Photo - Wall Street shrugs off U.S. government shutdown as stocks rise
U.S. markets are opening the week with measured optimism: futures on the Dow, S&P 500 and Nasdaq are higher, setting the tone after several days when politics overshadowed macroeconomics.
The start of a heavy reporting week, when most major names publish their quarterly results, brings investors back to familiar anchors: revenue, margins, and guidance. That is where the market is trying to pin risk assessment, even as the ongoing shutdown keeps nerves on edge. Closed regulators are a major source of uncertainty, but for now this impact is more technical than fundamental. Releases of some economic data have been delayed, calendars adjusted, and market noise has increased.

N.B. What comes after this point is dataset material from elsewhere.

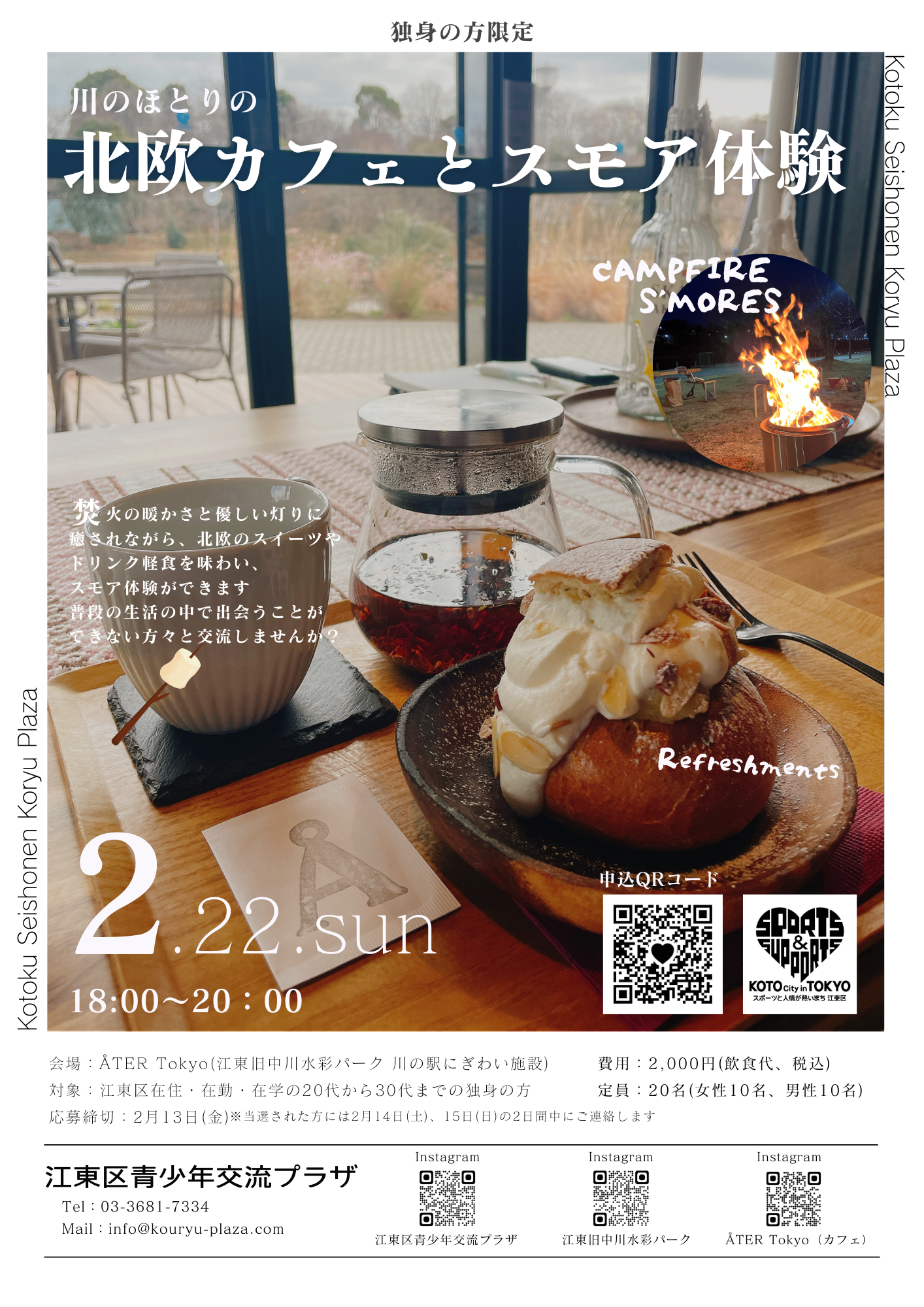 "独身の方限定"川のほとりの北欧カフェとスモア体験のご案内

Markets appear to be betting that company fundamentals outweigh politics for now. Investors are focusing on private‑sector results rather than waiting for a political resolution in Washington. According to LSEG, analysts expect a notable year‑on‑year rebound in S&P 500 earnings, and that optimism is already reflected in equity prices.
The S&P 500 index continues to recover. Source: lipperalpha.refinitiv

The S&P 500 index continues to recover. Source: lipperalpha.refinitiv

The key variable keeping enthusiasm within “measured positive” territory is the yield on U.S. Treasuries. The 10‑year Treasury note hovers around 4.0%–4.1% after last week’s pullback, and every shift in the yield curve quickly feeds through to growth multiples.

In practical terms, if the 10‑year yield moves toward 4.2%, institutional investors typically take profits. If it stays closer to 4.0%, the market tends to rise on company results as investors build strategies around those numbers.
U.S. 10‑year Treasury yield as of 20 October. Source: ycharts

U.S. 10‑year Treasury yield as of 20 October. Source: ycharts

Technically, S&P 500 stocks are holding recent gains and testing prior highs, which amplifies the FOMO effect in higher‑beta segments. The upshot is that, despite the shutdown, the market is moving higher on the back of recovering corporate earnings and hopes for a gentle rate path from the Fed.

In the days ahead, politics will likely remain a source of volatility, but near-term trading should hinge on corporate earnings and movements in U.S. Treasury yields. Together, these two indicators will help determine the market’s direction.